L’obligation d’enregistrement de la promesse unilatérale de cession à peine de nullité

Une promesse unilatérale de cession du droit au bail, faute d’enregistrement dans les dix jours de son acceptation, est nulle en application de l’article 1589-2 du code civil.

En l’espèce, le 18 juillet 2008, deux personnes concluent un acte intitulé « Promesse de cession de droit au bail commercial », mais l’une d’elles, par lettre du 10 octobre 2008, informe son cocontractant de ce qu’elle ne donne pas suite à cet acte, demandant la restitution de l’acompte de 56 000 € versé, puis assigne en remboursement de cette somme.

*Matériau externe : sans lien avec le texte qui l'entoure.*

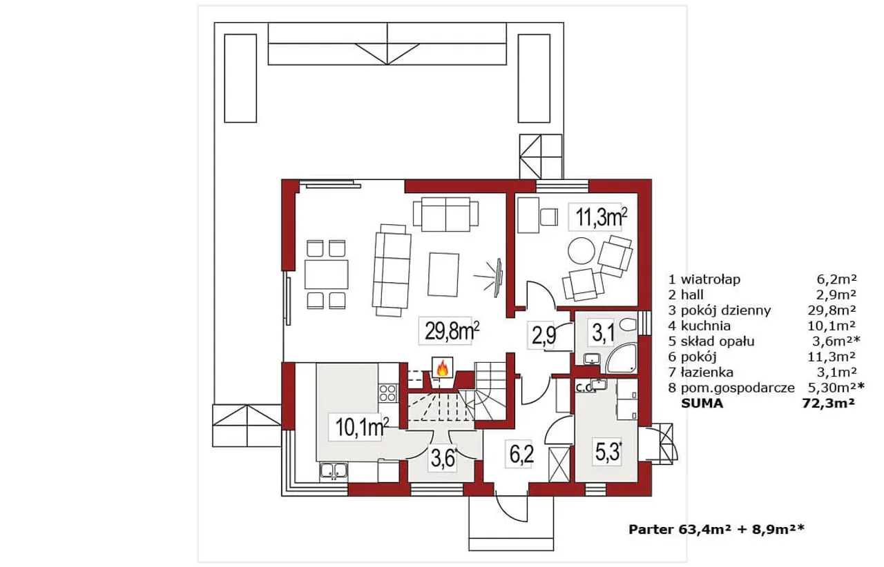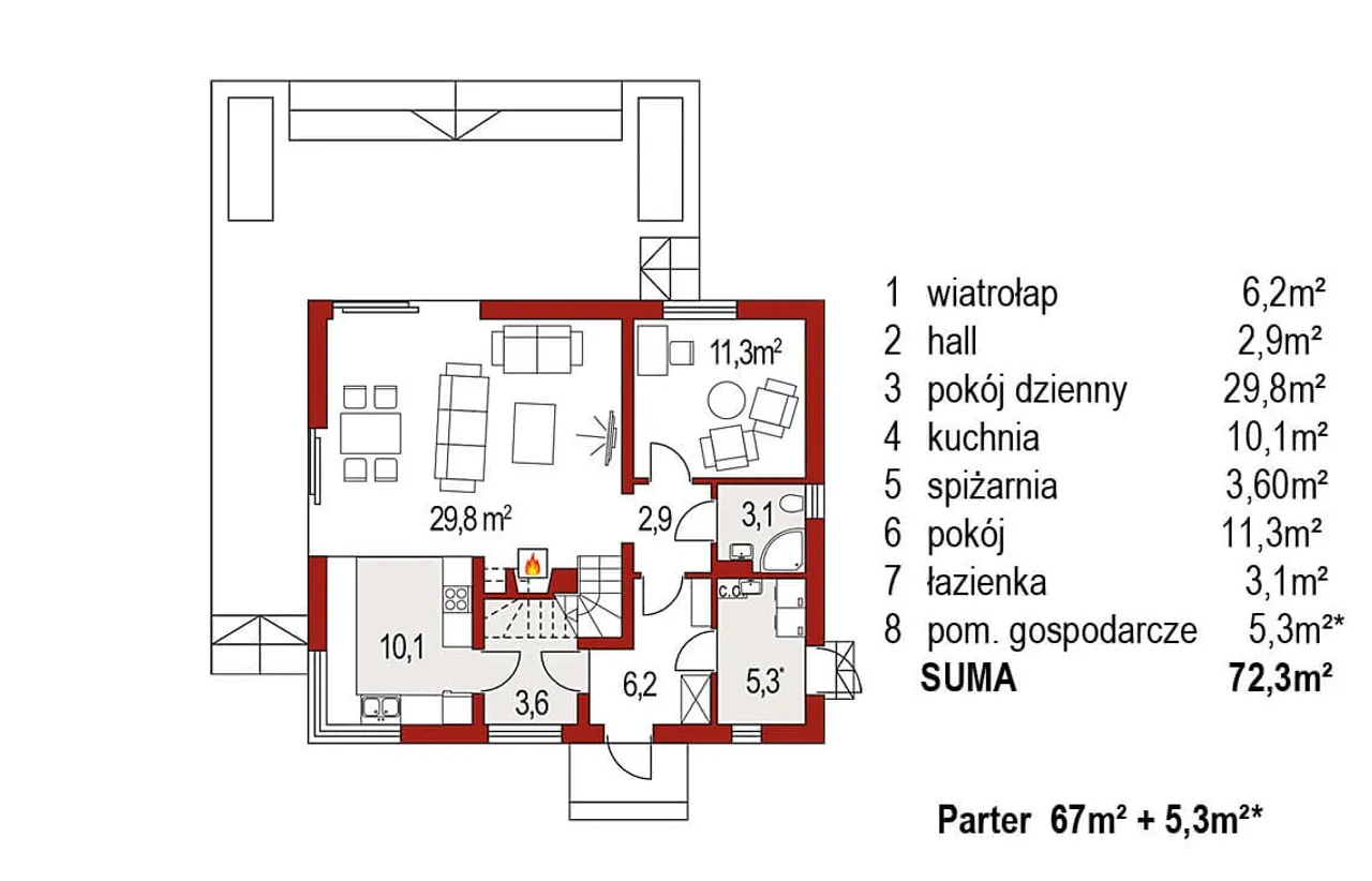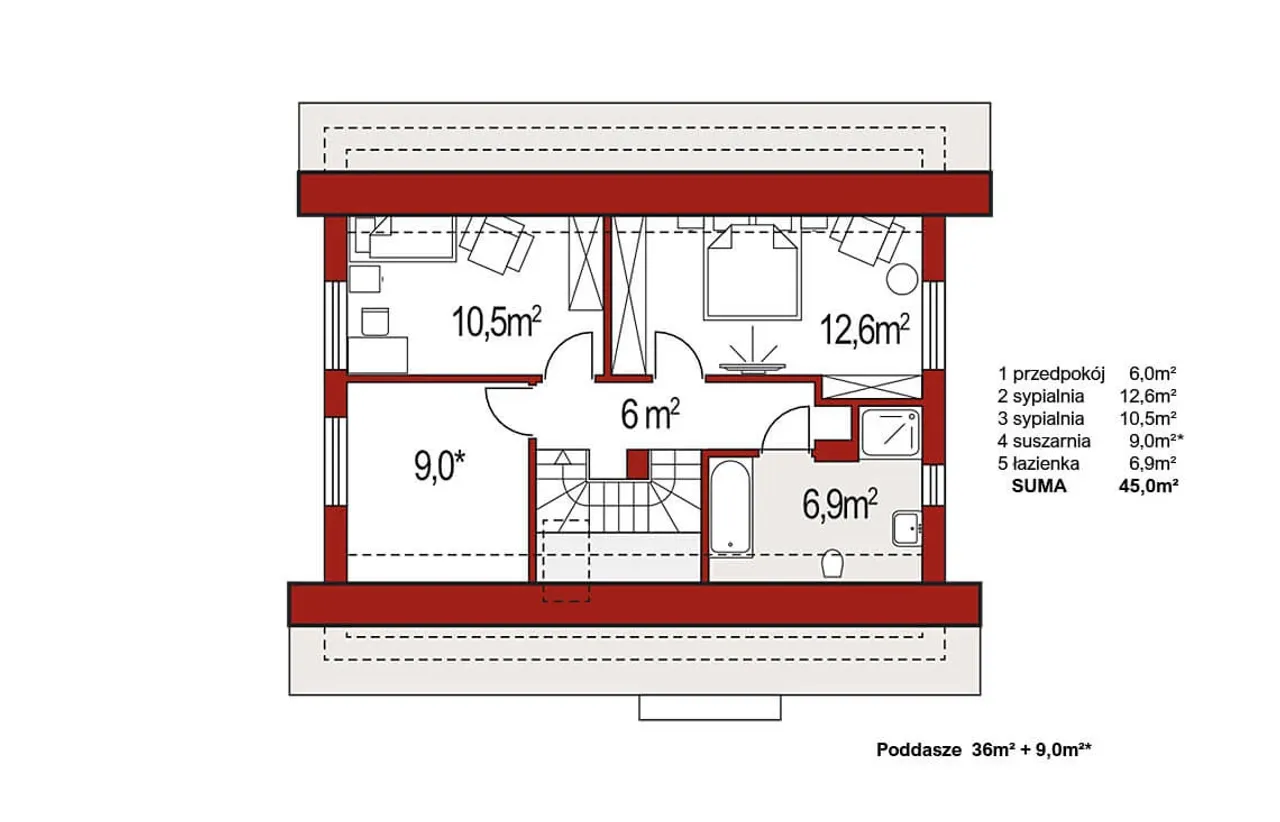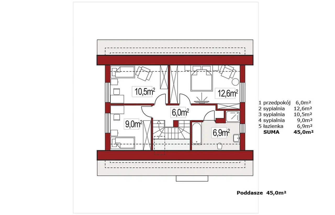 Wypełnij formularz i otrzymaj rysunki w pdf z dokładnymi wymiarami budynku i pomieszczeń (długość, szerokość, wysokość) dla projektu Jantar MDM wersja A
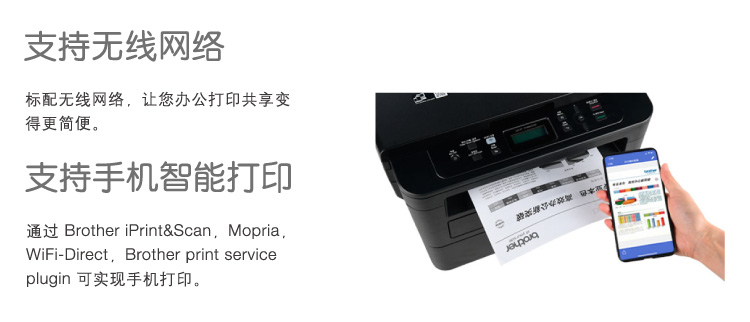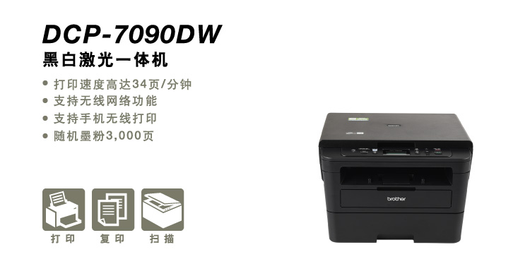 兄弟(brother)黑白激光一体机(三合一 双面打印 无线网络 )DCP-7090DW 黑色
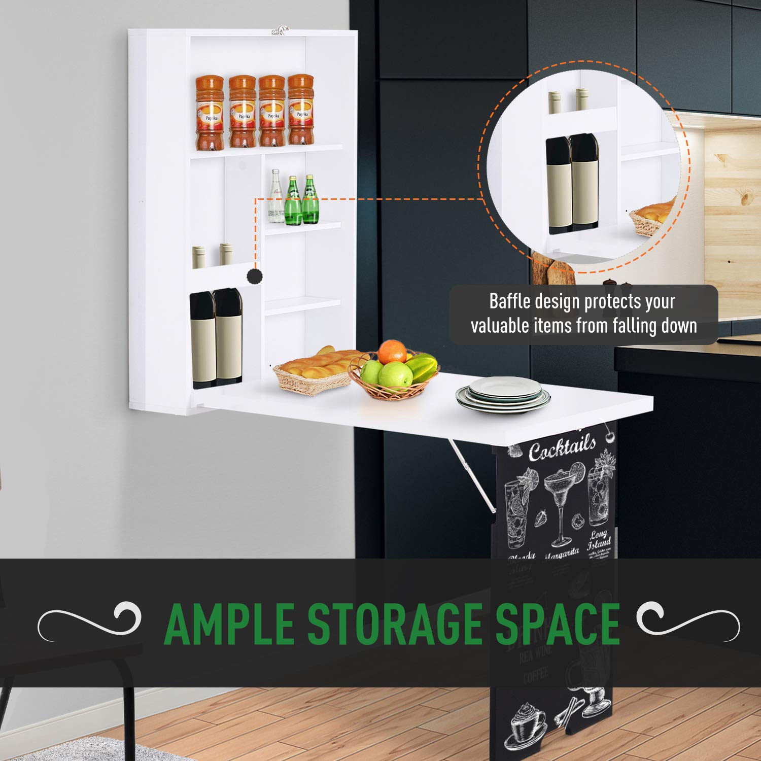 Details: Make the most of your existing space with this stylish and affordable wall mounted desk with storage. This foldable computer desk also doubles as a working surface and storage area anywhere you need it. Transform an empty spot into your own personal work, study or writing area. This modern home office desk provides everything you need with multiple storage compartments and shelves for customizing the look of your space. It even has a blackboard for a quick note! If you'e been wishing for more room to get things done or just want to clean up some clutter around your home, then this lightweight, convenient wall mounted folding table provides a neat and orderly solution. When space is limited, HomCom is big on ideas to maximize your living area, dorm room, or tiny house!

En relevant que, par l’acte intitulé « Promesse de cession de droit au bail », le bénéficiaire ne s’était pas engagé à se porter acquéreur du droit au bail du promettant, que l’acompte versé par ce dernier ne portait pas sur le prix de cession du droit au bail, mais, selon le second paragraphe intitulé « Prix : cession des agencements », sur celui des agencements équipant les locaux, la cour d’appel a pu déduire de ces seuls motifs que cet acte s’analysait en une promesse unilatérale de cession du droit au bail, qui, faute d’enregistrement dans les dix jours de son acceptation, était nulle en application de l’article 1589-2 du code civil.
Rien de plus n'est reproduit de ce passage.